Westliches Unwetter "Abendrot, Schönwetterbot - Morgenrot, schlecht Wetter droht." Gibt es einen meteorologischen Zusammenhang zwischen Abendrot, Morgenrot und dem Wetter? Auch wenn Bauern- und anderen Wetterregeln mit Vorsicht zu begegnen ist - diese stimmt, zumindest in unseren Breiten. Und der Bote kündet keine absolute Wahrheit, sondern Wahrscheinlichkeit. Die Erklärung liefert Hartmut Graßl, Direktor des Max-PlanckInstituts für Meteorologie: Wenn der Abendhimmel flammend rot leuchtet, dann bedeutet das zunächst einmal, dass wir freie Sicht zum westlichen Horizont haben. Dort bringt die Sonne Partikel in der Luft zum Leuchten. Da bei uns meist der Westwind vorherrscht, heißt das: Es ziehen von Westen keine Wolken herauf, die schlechtes Wetter mit sich bringen.

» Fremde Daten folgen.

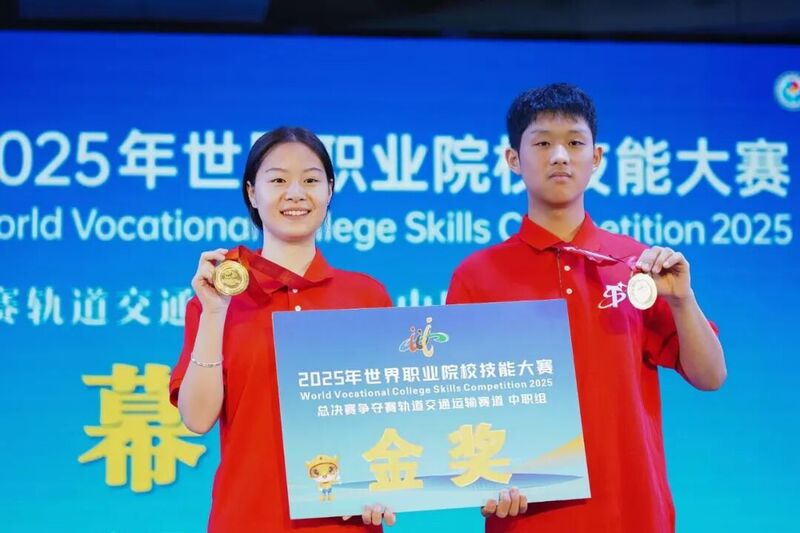 在世界职业院校技能大赛总决赛——“轨道交通运输”赛道中职组的激烈角逐中,江苏省无锡交通高等职业技术学校的夏梦珍、董晨曦两位同学,在李俊、周俞辰老师的耐心指导下,一路稳扎稳打、默契配合,最终从全国73支强劲队伍中脱颖而出,成功摘得金奖!

Wenn das rote Sonnenlicht außerdem noch ein paar Wolken direkt über oder östlich vom Betrachter beleuchtet, dann sind das allenfalls abziehende Regengebiete, die mit dem Wetter von morgen nichts zu tun haben. Umgekehrt ist es beim Morgenrot: Ein wolkenfreier Osten spielt für die Wetterentwicklung keine große Rolle. Wenn morgens der ganze Himmel flammend rot erleuchtet ist, dann strahlt die Sonne schon die ersten Zirruswolken im Westen an, die Vorboten einer Regenfront. Das alles gilt, wie gesagt, nur bei Westwind. Der herrscht aber bei uns längst nicht das ganze Jahr vor. Im Mai ist es sogar umgekehrt - dann nämlich weht der Wind vorwiegend aus Osten, und das Abendrot kann durchaus ein Schlechtwetterbot sein.